• [Records for processing]:

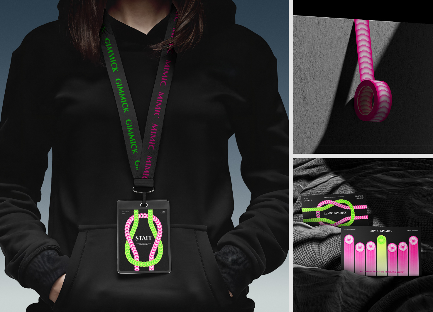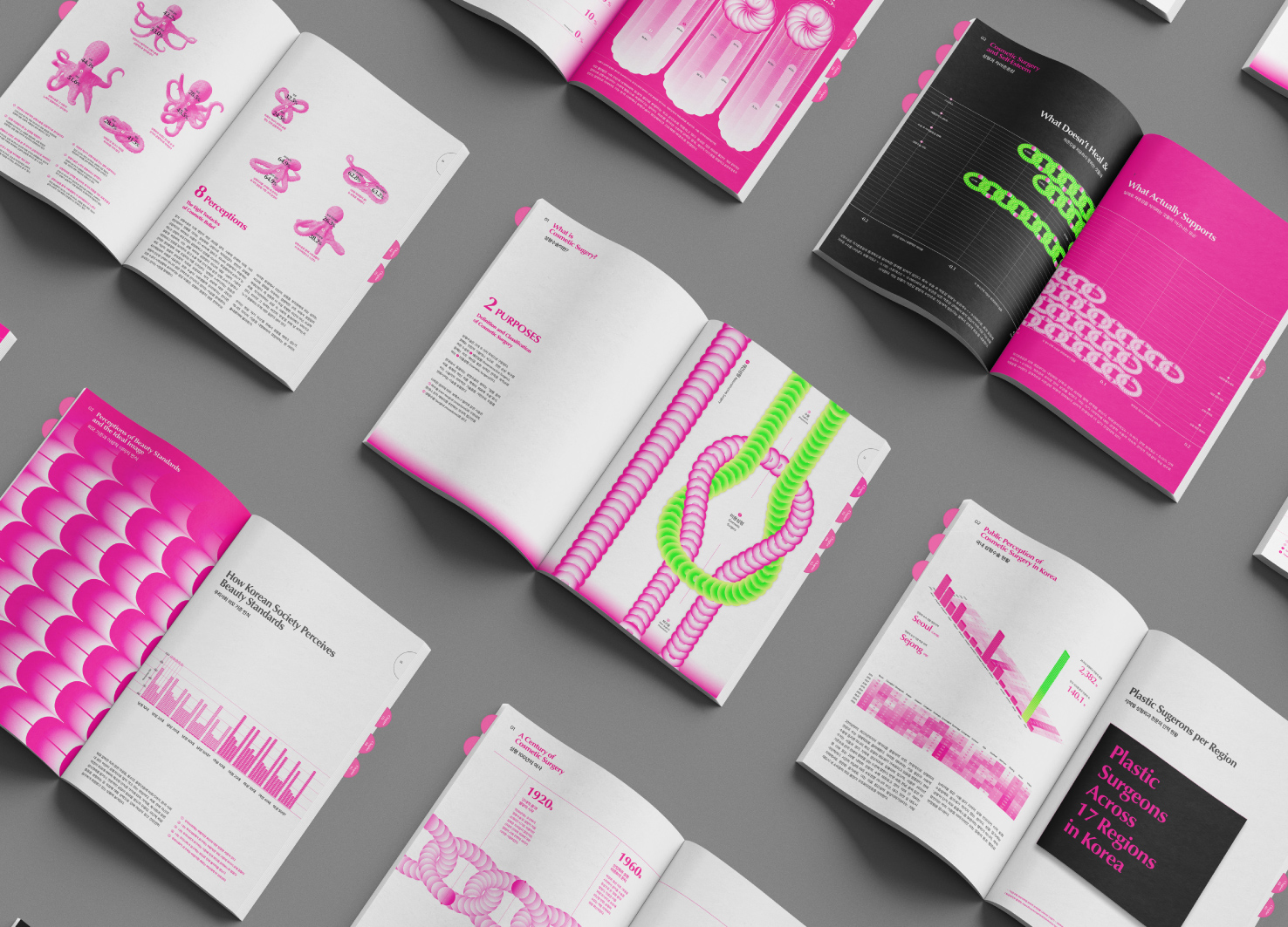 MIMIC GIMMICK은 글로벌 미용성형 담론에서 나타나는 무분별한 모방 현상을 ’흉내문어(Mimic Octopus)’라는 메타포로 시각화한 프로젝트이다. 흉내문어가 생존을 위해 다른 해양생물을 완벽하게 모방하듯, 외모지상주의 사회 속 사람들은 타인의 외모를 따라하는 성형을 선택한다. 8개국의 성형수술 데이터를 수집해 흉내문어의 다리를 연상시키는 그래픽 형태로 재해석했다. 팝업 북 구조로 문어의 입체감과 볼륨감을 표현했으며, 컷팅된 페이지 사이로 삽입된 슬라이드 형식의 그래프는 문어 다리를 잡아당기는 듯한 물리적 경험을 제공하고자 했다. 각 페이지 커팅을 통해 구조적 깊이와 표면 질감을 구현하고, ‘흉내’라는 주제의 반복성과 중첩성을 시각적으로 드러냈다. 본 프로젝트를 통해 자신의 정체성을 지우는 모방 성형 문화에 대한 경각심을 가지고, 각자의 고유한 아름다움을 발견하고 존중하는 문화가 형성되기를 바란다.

---

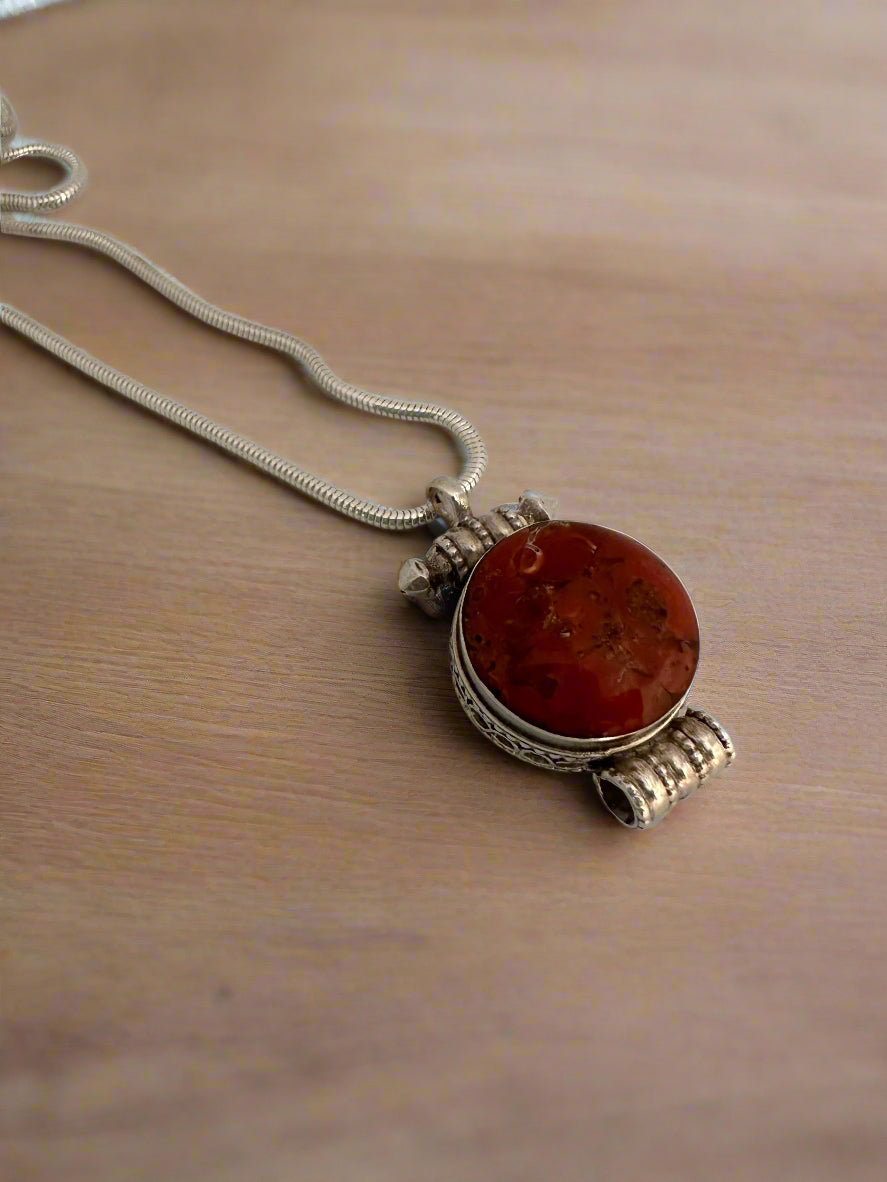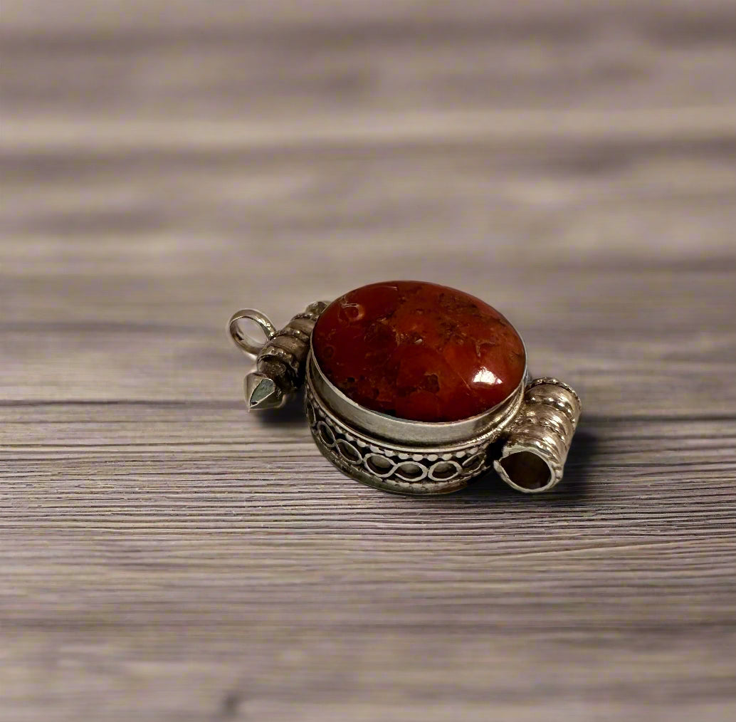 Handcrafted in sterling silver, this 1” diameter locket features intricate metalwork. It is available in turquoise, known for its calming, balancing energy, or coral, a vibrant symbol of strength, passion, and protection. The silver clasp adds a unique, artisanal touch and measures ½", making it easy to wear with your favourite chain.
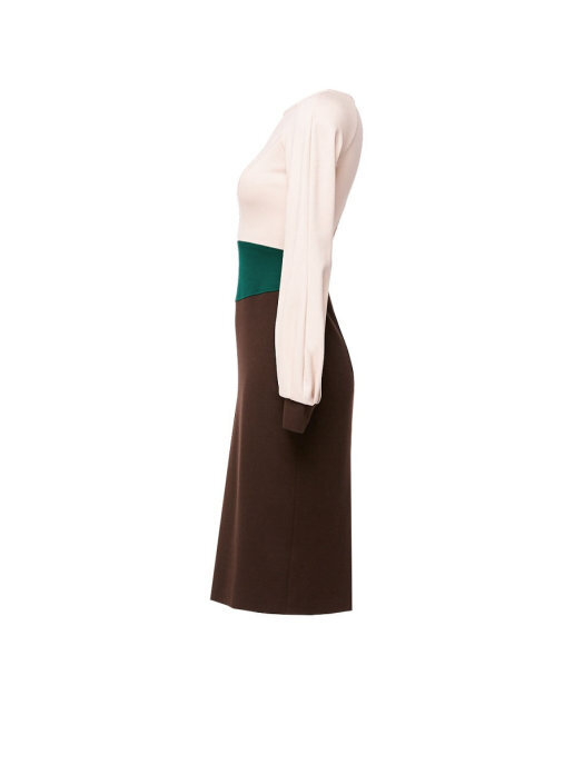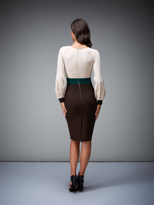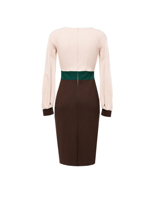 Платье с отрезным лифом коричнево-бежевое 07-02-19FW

• [Assignment]: Only one stretch of the entries above is needed: the lines from the one containing "Handcrafted in sterling" through the one containing "Платье с отрезным". Copy it exactly, without the pictures.

• [Problem solution]:
 Handcrafted in sterling silver, this 1” diameter locket features intricate metalwork. It is available in turquoise, known for its calming, balancing energy, or coral, a vibrant symbol of strength, passion, and protection. The silver clasp adds a unique, artisanal touch and measures ½", making it easy to wear with your favourite chain.
 Платье с отрезным лифом коричнево-бежевое 07-02-19FW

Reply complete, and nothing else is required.